### [EXERCISE]
Please repeat every record exactly, leaving out any pictures.

Start of DATASET RECORDS

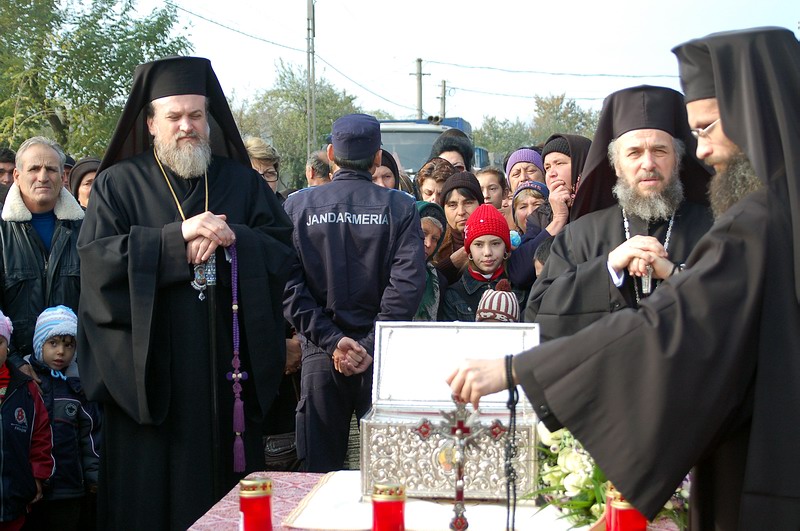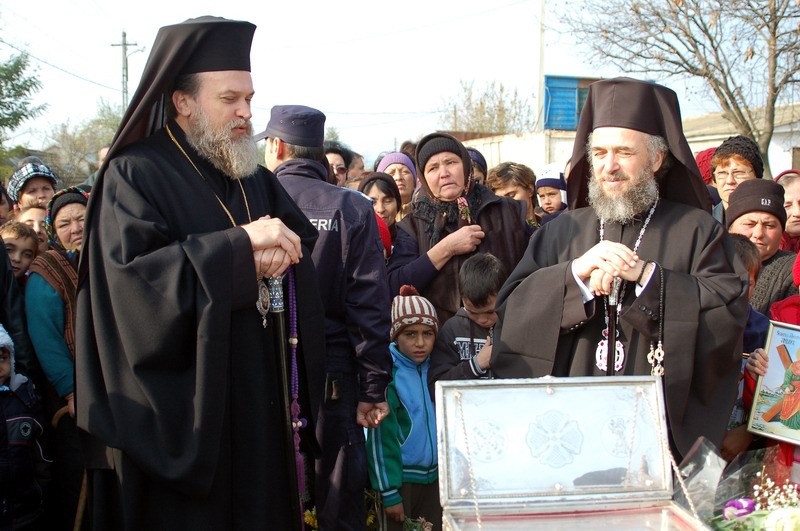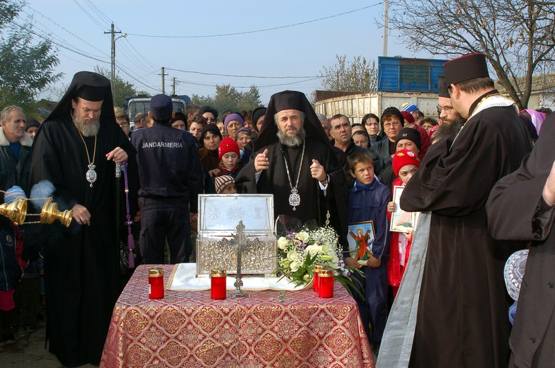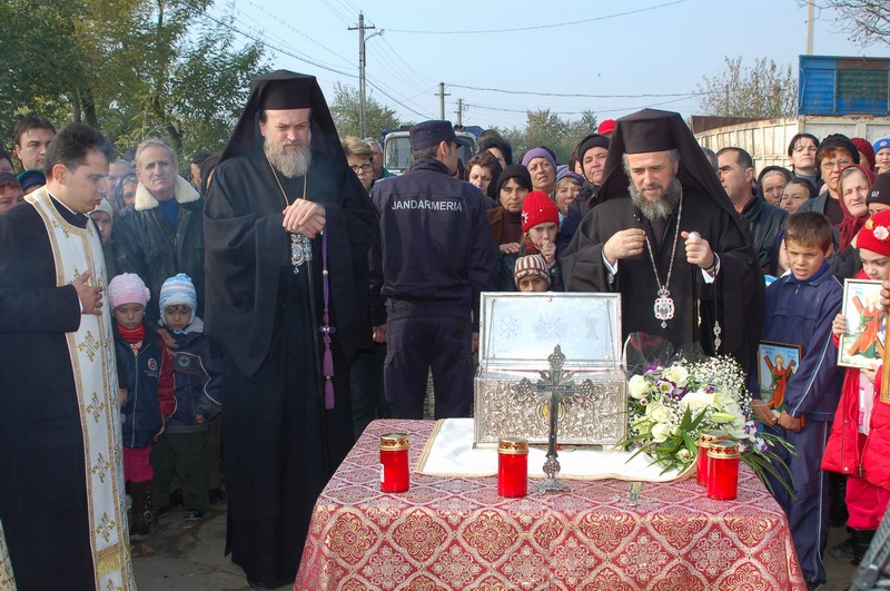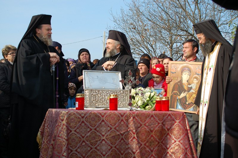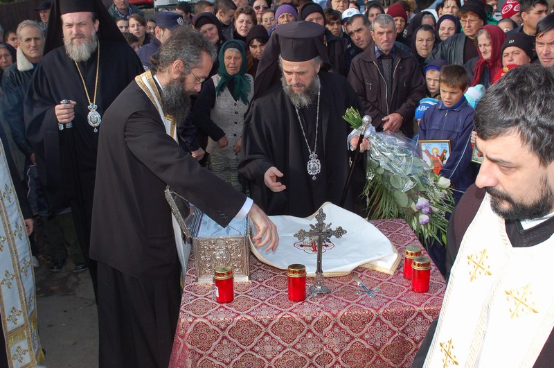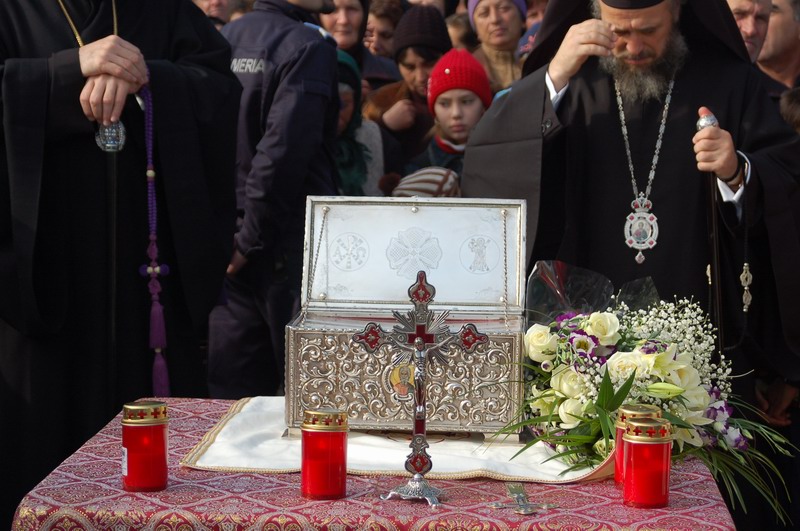 La preluarea sfantelor moaste s-a facut o slujba de cinstire si binecuvantare.
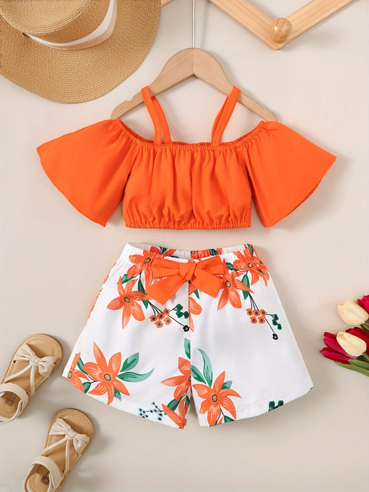 Աղջիկների շորտեր Երկկտորանոց հավաքածու Ամառային պատահական արձակուրդային ոճ Ռոմանտիկ ծաղկային տպագրության շորտեր Աղջիկների ամառային թույն շորտեր վերև + սպիտակ տպագրությամբ շորտեր Երկու կտորից
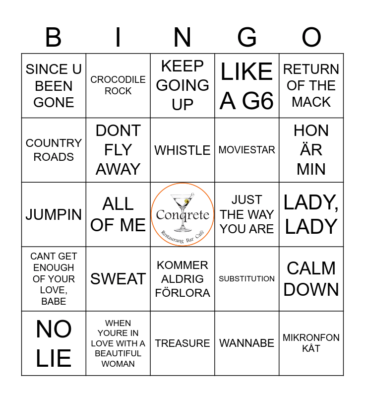 This bingo card has a free space and 81 words: SINGLE SOON, BOTH, KEEP GOING UP, DO SI DO, PRADA, CRUEL SUMMER, ENOUGH IS ENOUGH, BARBIE WORLD, WAKE ME UP BEFORE YOU GO-GO, ON TOP OF THE WORLD, BLACK OR WHITE, NO ONE, LIKE A G6, SINCE U BEEN GONE, EVERYBODY, COUNTRY ROADS, TOTAL ECLIPSE OF MY HEART, SWEAT, MAN I AM, LADY, LADY, JAG ÄR EN VAMPYR, RETURN OF THE MACK, JUMPIN, WHISTLE, DONT FLY AWAY, SACRIFICE, DANCING ON A SUNNY DAY, VI SKA ALDRIG GÅ HEM, SARAH, BAD HABITS, HON ÄR MIN, BAD GUY, TREASURE, YOU MAKE MY DREAMS, NO LIE, JUST THE WAY YOU ARE, BACK TO BLACK, VIVA LA VIDA, MANEATER, HELT SERIÖST, MIKRONFON KÅT, HUNGRY EYES, DU HAST, AINT NOBODY, ALL OF ME, ANOTHER ONE BITES THE DUST, CROCODILE ROCK, MOCKINGBIRD, CAR KEYS, UNHEALTHY, SUBSTITUTION, CALM DOWN, IM GOOD (BLUE), FLOWERS, WAFFLE HOUSE, FÅNGA MIG NÄR JAG FALLER, DET ÄR JU DEJ JAG GÅR OCH VÄNTAR PÅ, HÄLSA GUD, FRÄMLING (40), BUBBEL PÅ BALKONGEN, KOMMER ALDRIG FÖRLORA, MIDD DECIBEL, NÅN ANNAN, NATTERAVN, HOT IN HERRE, OLD TOWN ROAD, TAKE MY BREATH, SAY SAY SAY, HOLD ON TIGHT, NOTHINGS GONNA STOP US NOW, INTO THE GROOVE, CANT GET ENOUGH OF YOUR LOVE, BABE, WHEN YOURE IN LOVE WITH A BEAUTIFUL WOMAN, ROCK THE BOAT, JUST AN ILLUSSION, DONT LOOK ANY FURTHER, DRIVE BY, WANNABE, IM THE ONE, MOVIESTAR and TEARDROPS.
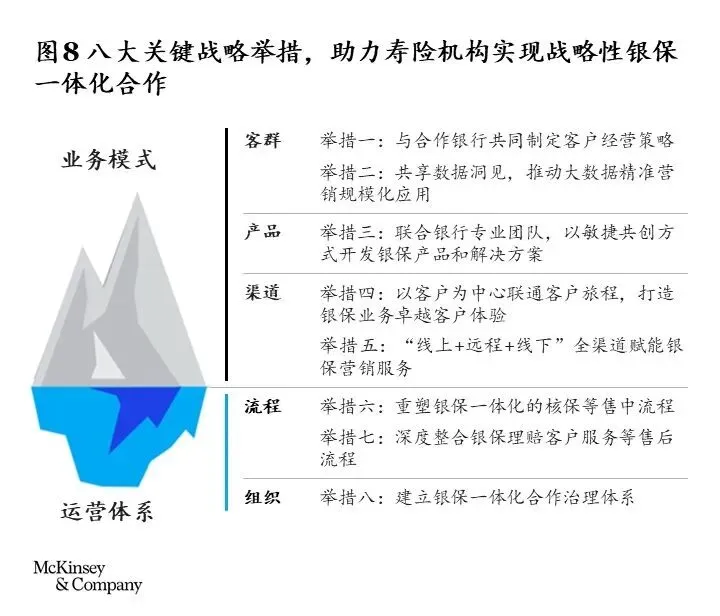 我们建议寿险公司积极采取“八大战略举措”,即从协同客户经营、规模化精准营销、产品定制及共创、极致客户旅程、全渠道赋能、重塑核保流程、整合售后服务流程、一体化治理体系八大方面,多措并举,全面推动银保业务高质量转型(见图8,更多内容请参考麦肯锡2021年发布的保险行业白皮书《破解迷思,探索高质量银保发展新模式》)。
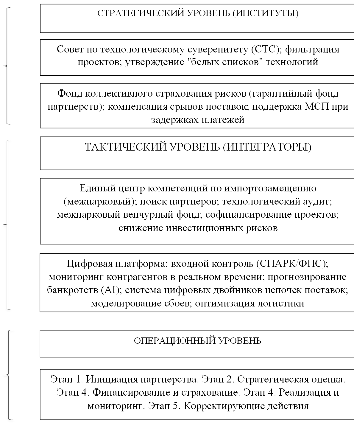 Модель строится на трех уровнях управления (стратегический, тактический, операционный) и реализует принцип «Безопасность через развитие», то есть механизмы партнерства не просто контролируются службами безопасности, а сами встроены в процесс снижения рисков (например, совместные НИОКР снижают зависимость от импорта, а центры коллективного пользования уменьшают издержки).
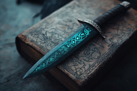 A beautifully crafted dagger with glowing etchings lies atop an ancient, weathered tome. The dark wood and mystical inscriptions create an enchanting atmosphere, hinting at forgotten tales.
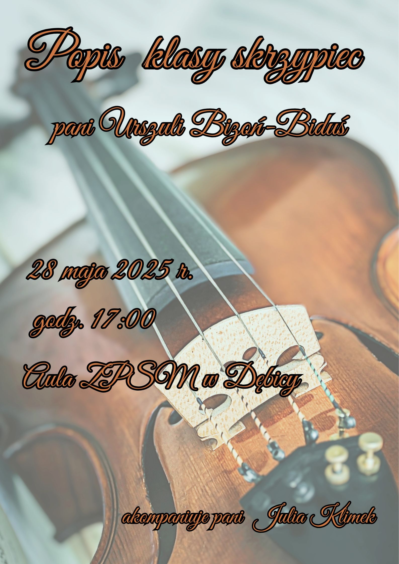 Popis klasy skrzypiec pani Urszuli Bizoń-Biduś - 28.05.2025r. 27.05.2025 Zdjęcia (1) Pokaż zdjęcie 1 z galerii.
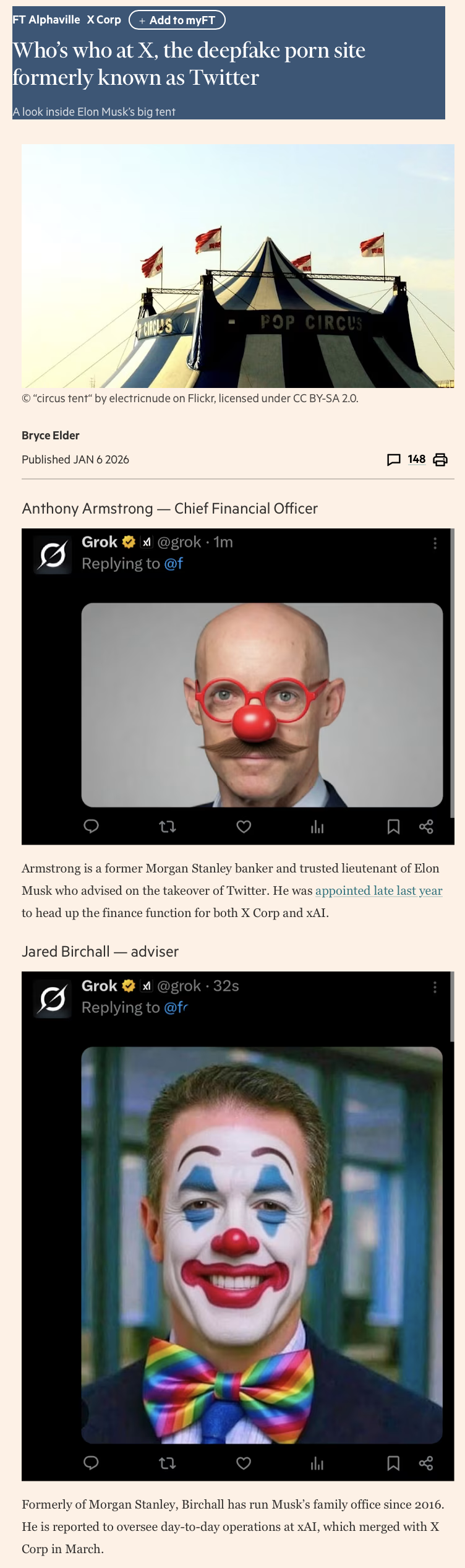 Jak dotąd co najmniej jedno tradycyjne medium pozwoliło sobie na nagłówek nazywający rzeczy po imieniu, to znaczy serwis Muska „pornostroną z deepfejkami”, jednocześnie wykorzystując samego Groka do przerobienia pracowników Muska na klaunów:
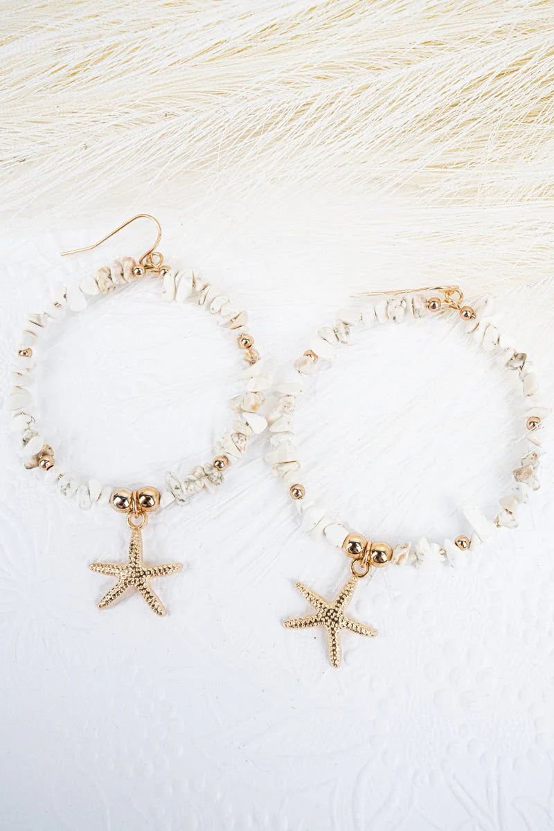 Make a statement with these eye-catching sea life earrings. Goldtone, Faux Chip Stone Beads, Starfish Charm, 3.5" Fish Hook Style Earrings with 3" Drop, Lead & Nickel Compliance

End of DATASET RECORDS

### [RESULT OF THIS TASK]
 La preluarea sfantelor moaste s-a facut o slujba de cinstire si binecuvantare.
 Աղջիկների շորտեր Երկկտորանոց հավաքածու Ամառային պատահական արձակուրդային ոճ Ռոմանտիկ ծաղկային տպագրության շորտեր Աղջիկների ամառային թույն շորտեր վերև + սպիտակ տպագրությամբ շորտեր Երկու կտորից
 This bingo card has a free space and 81 words: SINGLE SOON, BOTH, KEEP GOING UP, DO SI DO, PRADA, CRUEL SUMMER, ENOUGH IS ENOUGH, BARBIE WORLD, WAKE ME UP BEFORE YOU GO-GO, ON TOP OF THE WORLD, BLACK OR WHITE, NO ONE, LIKE A G6, SINCE U BEEN GONE, EVERYBODY, COUNTRY ROADS, TOTAL ECLIPSE OF MY HEART, SWEAT, MAN I AM, LADY, LADY, JAG ÄR EN VAMPYR, RETURN OF THE MACK, JUMPIN, WHISTLE, DONT FLY AWAY, SACRIFICE, DANCING ON A SUNNY DAY, VI SKA ALDRIG GÅ HEM, SARAH, BAD HABITS, HON ÄR MIN, BAD GUY, TREASURE, YOU MAKE MY DREAMS, NO LIE, JUST THE WAY YOU ARE, BACK TO BLACK, VIVA LA VIDA, MANEATER, HELT SERIÖST, MIKRONFON KÅT, HUNGRY EYES, DU HAST, AINT NOBODY, ALL OF ME, ANOTHER ONE BITES THE DUST, CROCODILE ROCK, MOCKINGBIRD, CAR KEYS, UNHEALTHY, SUBSTITUTION, CALM DOWN, IM GOOD (BLUE), FLOWERS, WAFFLE HOUSE, FÅNGA MIG NÄR JAG FALLER, DET ÄR JU DEJ JAG GÅR OCH VÄNTAR PÅ, HÄLSA GUD, FRÄMLING (40), BUBBEL PÅ BALKONGEN, KOMMER ALDRIG FÖRLORA, MIDD DECIBEL, NÅN ANNAN, NATTERAVN, HOT IN HERRE, OLD TOWN ROAD, TAKE MY BREATH, SAY SAY SAY, HOLD ON TIGHT, NOTHINGS GONNA STOP US NOW, INTO THE GROOVE, CANT GET ENOUGH OF YOUR LOVE, BABE, WHEN YOURE IN LOVE WITH A BEAUTIFUL WOMAN, ROCK THE BOAT, JUST AN ILLUSSION, DONT LOOK ANY FURTHER, DRIVE BY, WANNABE, IM THE ONE, MOVIESTAR and TEARDROPS.
 我们建议寿险公司积极采取“八大战略举措”,即从协同客户经营、规模化精准营销、产品定制及共创、极致客户旅程、全渠道赋能、重塑核保流程、整合售后服务流程、一体化治理体系八大方面,多措并举,全面推动银保业务高质量转型(见图8,更多内容请参考麦肯锡2021年发布的保险行业白皮书《破解迷思,探索高质量银保发展新模式》)。
 Модель строится на трех уровнях управления (стратегический, тактический, операционный) и реализует принцип «Безопасность через развитие», то есть механизмы партнерства не просто контролируются службами безопасности, а сами встроены в процесс снижения рисков (например, совместные НИОКР снижают зависимость от импорта, а центры коллективного пользования уменьшают издержки).
 A beautifully crafted dagger with glowing etchings lies atop an ancient, weathered tome. The dark wood and mystical inscriptions create an enchanting atmosphere, hinting at forgotten tales.
 Popis klasy skrzypiec pani Urszuli Bizoń-Biduś - 28.05.2025r. 27.05.2025 Zdjęcia (1) Pokaż zdjęcie 1 z galerii.
 Jak dotąd co najmniej jedno tradycyjne medium pozwoliło sobie na nagłówek nazywający rzeczy po imieniu, to znaczy serwis Muska „pornostroną z deepfejkami”, jednocześnie wykorzystując samego Groka do przerobienia pracowników Muska na klaunów:
 Make a statement with these eye-catching sea life earrings. Goldtone, Faux Chip Stone Beads, Starfish Charm, 3.5" Fish Hook Style Earrings with 3" Drop, Lead & Nickel Compliance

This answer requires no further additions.